Nvidia shares fell 1.1% to $175.05 in premarket trading Monday morning. The move extends a difficult stretch for the AI chip leader.
NVIDIA Corporation, NVDA
Over the past month, the stock has dropped 14%. Monday’s decline came as part of a wider market selloff.
S&P 500 futures lost 0.6% in early trading. The weakness spread across the semiconductor sector.
Advanced Micro Devices fell 1.1% while Broadcom declined 0.8%. Both companies saw similar pressure in premarket activity.
Despite recent losses, analysts remain confident in Nvidia’s prospects. Bernstein reaffirmed its Outperform rating on November 26 with a $275 price target.
The rating followed a memo Nvidia sent to Wall Street analysts. The document addressed investor concerns about receivables, working capital, and revenue flows.
Bernstein called the company’s explanations reasonable. The memo helped clear up questions that had been weighing on sentiment.
Client interest in the memo was high. Bernstein reported fielding multiple requests to review the details.

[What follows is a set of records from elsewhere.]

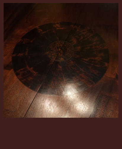 curve of the table top. In the center of the table top, an 18" diameter sunburst pattern is inlayed with a burl center
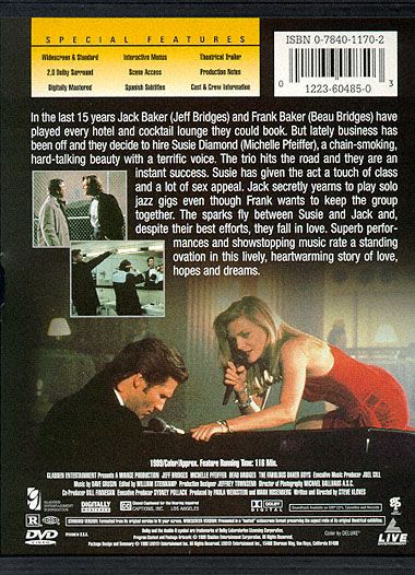 Real-life siblings Beau and Jeff Bridges star as the eponymous Fabulous Baker Boys. Musical prodigies both, the Bakers have long been teamed as a twin-piano act, with the less talented Frank (Beau Bridges) coasting on the skills of his brilliant younger brother Jack (Jeff Bridges). Their career dwindling to nickel-and-dime dates in second-rate clubs, the Bakers decide that they need a female vocalist to boost their popularity. They select auditioner Susie Diamond (Michelle Pfeiffer), who in addition to being a gifted songstress is drop-dead gorgeous. The newly renovated Baker Boys act scores a success, which is inevitably threatened by Susie's growing popularity and by Jack's insistence upon pursuing an affair with the girl. — Hal Erickson
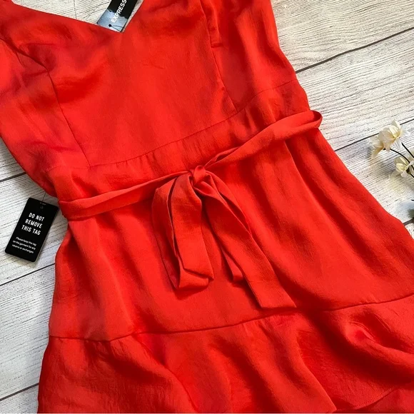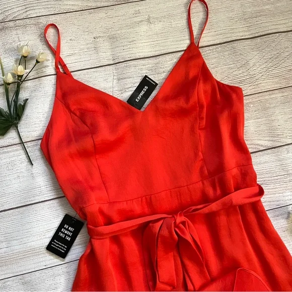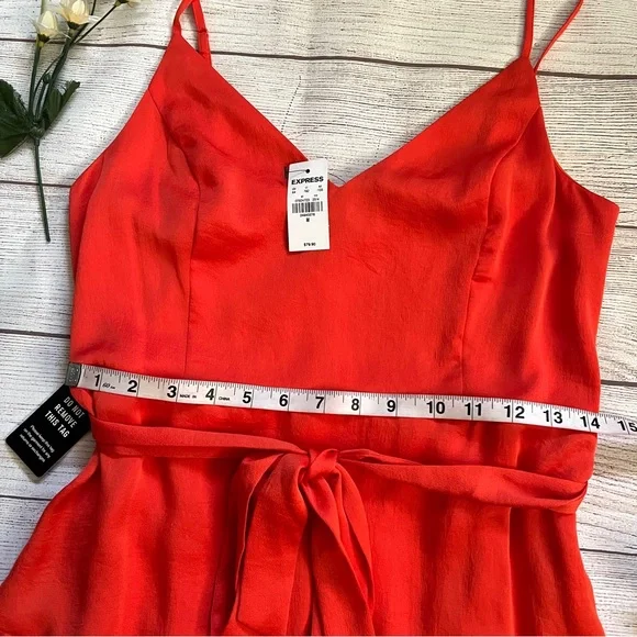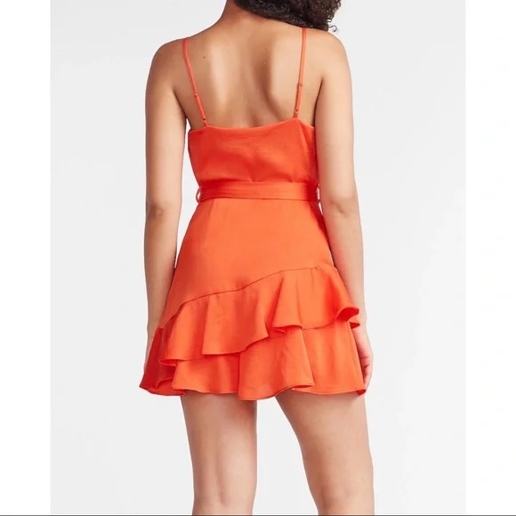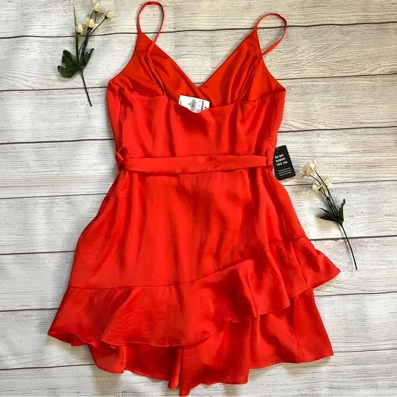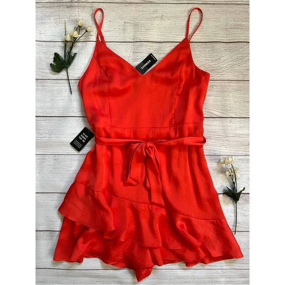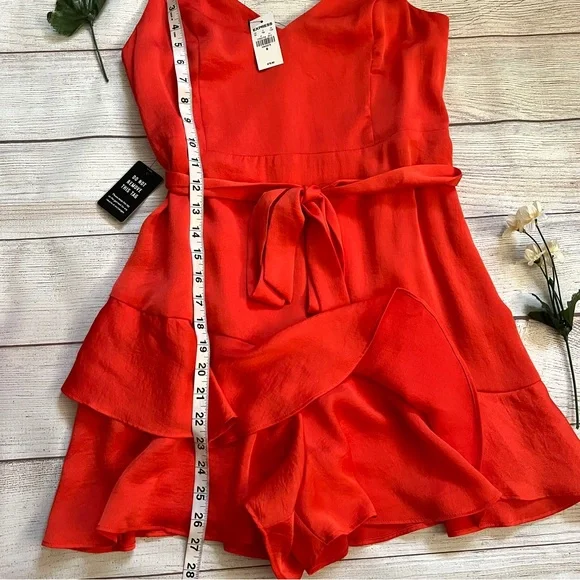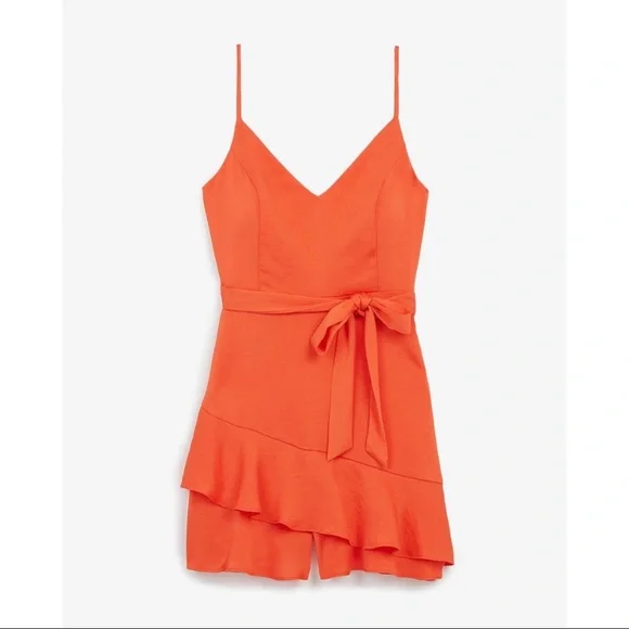 Express Ruffle Wrap Front Skort Romper• New with tags • Bold Orange• V-neck• Sleeveless• Adjustable spaghetti straps• Hidden hook and zip closure• Sash tie belt•...

Citi raised its price target to $220 from $210 on November 10. The firm expects third-quarter sales of $57 billion, above the $55 billion consensus.
The investment bank sees continued strength ahead. Citi projects $62 billion in January quarter sales, beating Wall Street’s $61 billion estimate.
Bank of America also maintains a positive view. The firm highlights $500 billion in data center orders for 2025 and 2026.
Bank of America forecasts earnings per share of $8. That represents 50% sales growth and 70% EPS growth.
The broader AI market keeps expanding at a rapid pace. UBS analysts project global AI capital expenditure will reach $423 billion this year.
That figure is expected to climb to $571 billion in 2026. The growth provides room for multiple chip makers.
Broadcom’s work with Google on Tensor Processing Units has raised questions. Some investors wonder if TPUs could steal market share from Nvidia’s GPUs.
Google’s chips can offer better economics in certain scenarios. However, Nvidia’s software platform and GPU versatility remain key advantages.
Nvidia has shipped 6 million Blackwell units according to recent disclosures. The figure points to healthy demand for its newest architecture.
The company disclosed it has $500 billion in data center orders lined up. Those orders span 2025 and 2026.
Citi expects the momentum to carry through the next several quarters. The firm’s sales projections consistently run above consensus estimates.